### RECORDS SHOWN
· · · ·
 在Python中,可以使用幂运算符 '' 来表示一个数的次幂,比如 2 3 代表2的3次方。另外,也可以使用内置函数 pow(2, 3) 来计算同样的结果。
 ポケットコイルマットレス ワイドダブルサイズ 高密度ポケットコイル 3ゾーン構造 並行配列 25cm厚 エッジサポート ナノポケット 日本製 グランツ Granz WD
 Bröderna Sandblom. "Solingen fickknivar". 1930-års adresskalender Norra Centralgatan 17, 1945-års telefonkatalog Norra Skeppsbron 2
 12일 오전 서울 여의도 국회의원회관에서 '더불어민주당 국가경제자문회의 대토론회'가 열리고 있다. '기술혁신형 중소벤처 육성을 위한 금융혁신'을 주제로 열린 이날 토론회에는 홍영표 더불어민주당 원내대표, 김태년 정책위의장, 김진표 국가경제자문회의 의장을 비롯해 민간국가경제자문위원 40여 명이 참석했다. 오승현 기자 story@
· · · ·
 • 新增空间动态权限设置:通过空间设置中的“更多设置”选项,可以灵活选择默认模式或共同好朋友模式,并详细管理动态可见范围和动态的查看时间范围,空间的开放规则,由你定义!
· · · ·
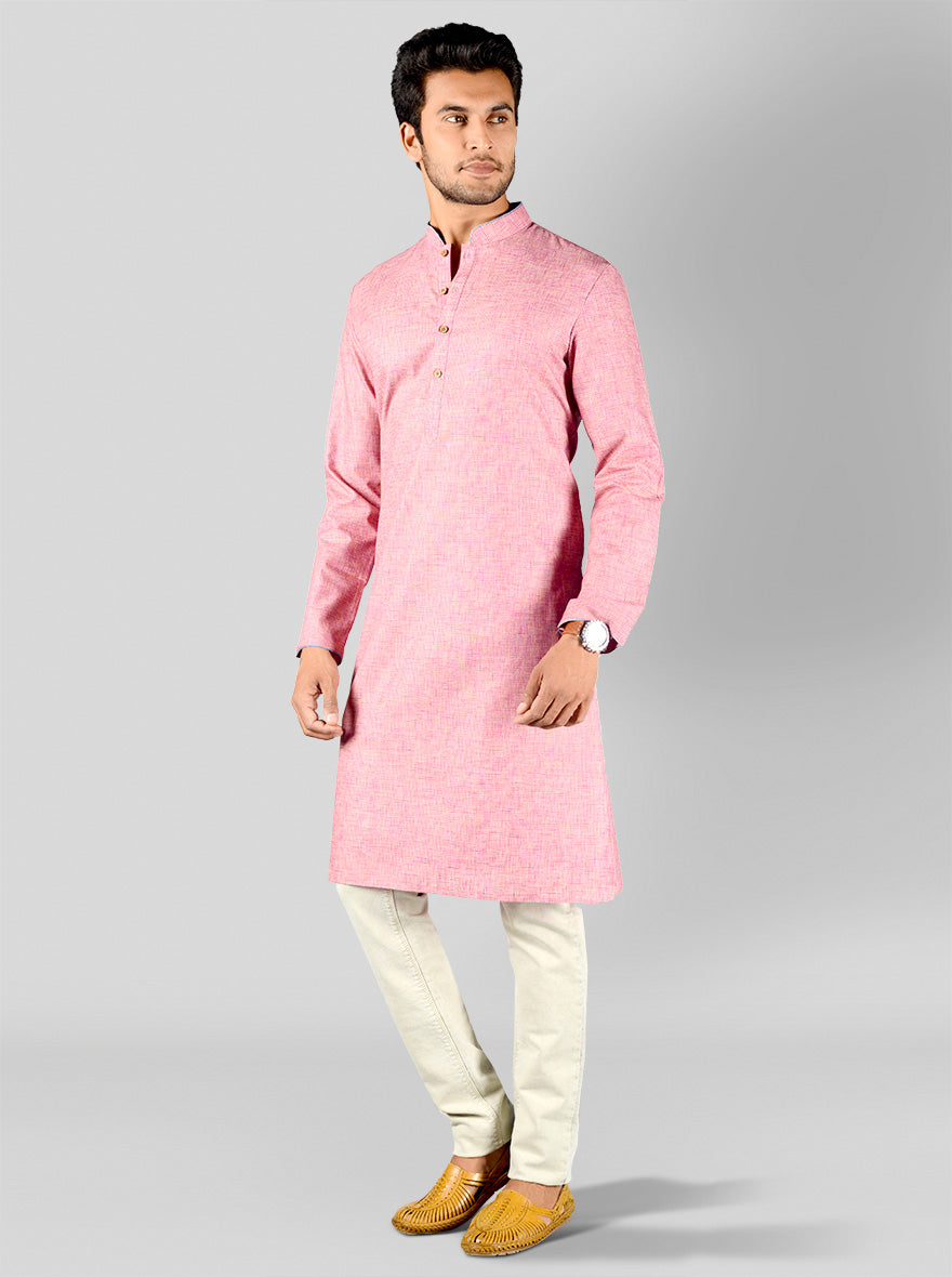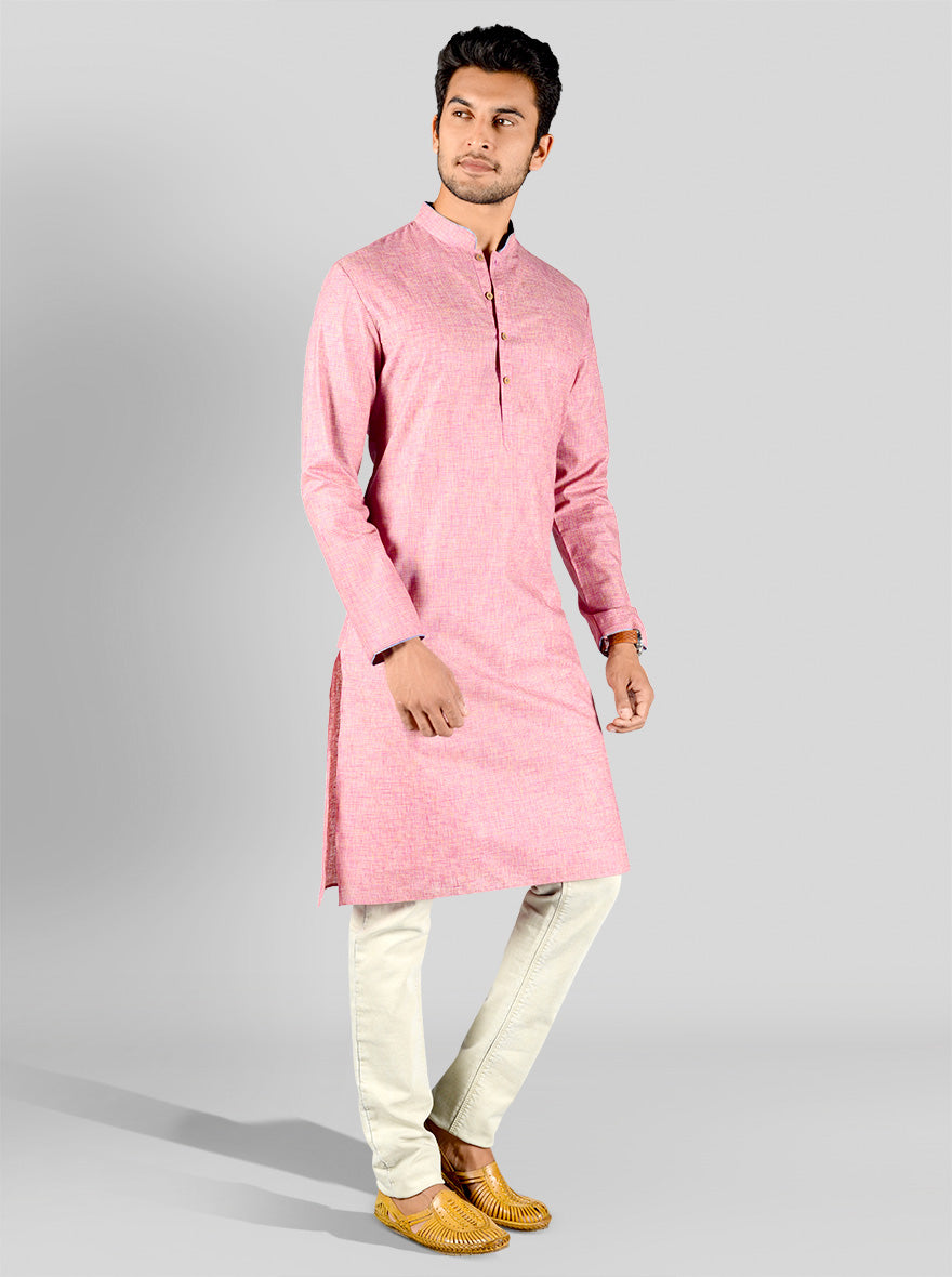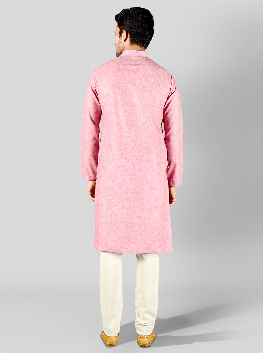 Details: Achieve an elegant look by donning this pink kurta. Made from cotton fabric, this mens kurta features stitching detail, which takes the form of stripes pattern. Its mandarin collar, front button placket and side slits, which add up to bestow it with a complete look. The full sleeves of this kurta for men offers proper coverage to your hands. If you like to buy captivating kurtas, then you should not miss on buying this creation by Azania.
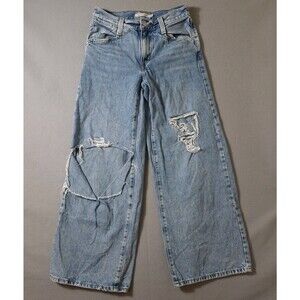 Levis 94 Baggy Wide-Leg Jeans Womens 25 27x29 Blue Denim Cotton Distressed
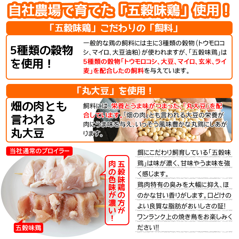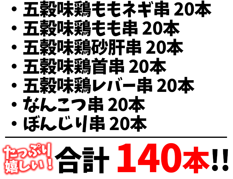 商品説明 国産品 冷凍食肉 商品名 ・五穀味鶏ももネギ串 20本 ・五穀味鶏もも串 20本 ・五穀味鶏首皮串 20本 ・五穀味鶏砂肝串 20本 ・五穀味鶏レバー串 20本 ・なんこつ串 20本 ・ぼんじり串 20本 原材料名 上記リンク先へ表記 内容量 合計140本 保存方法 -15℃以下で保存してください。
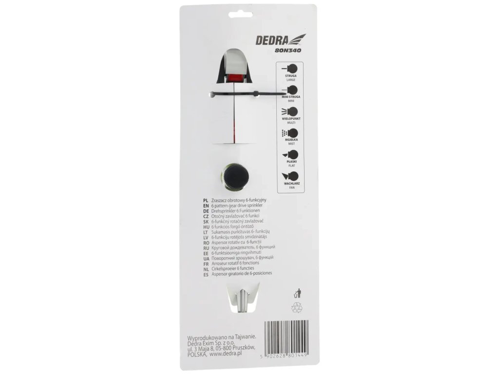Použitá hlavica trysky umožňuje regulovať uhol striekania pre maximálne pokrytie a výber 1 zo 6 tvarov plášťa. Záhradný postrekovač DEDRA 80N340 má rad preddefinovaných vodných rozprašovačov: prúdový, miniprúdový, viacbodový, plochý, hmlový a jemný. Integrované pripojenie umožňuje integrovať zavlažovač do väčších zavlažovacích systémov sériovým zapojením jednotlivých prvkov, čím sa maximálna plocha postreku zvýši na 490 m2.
· · · ·
### WHAT IS BEING ASKED
Would you please repeat exactly the lines above, starting at the line with "在Python中,可以使用幂运算符 '' 来表示一个数的次幂,比如" and stopping at the line with "Norra Skeppsbron 2", both included?

### WRITTEN REPLY
 在Python中,可以使用幂运算符 '' 来表示一个数的次幂,比如 2 3 代表2的3次方。另外,也可以使用内置函数 pow(2, 3) 来计算同样的结果。
 ポケットコイルマットレス ワイドダブルサイズ 高密度ポケットコイル 3ゾーン構造 並行配列 25cm厚 エッジサポート ナノポケット 日本製 グランツ Granz WD
 Bröderna Sandblom. "Solingen fickknivar". 1930-års adresskalender Norra Centralgatan 17, 1945-års telefonkatalog Norra Skeppsbron 2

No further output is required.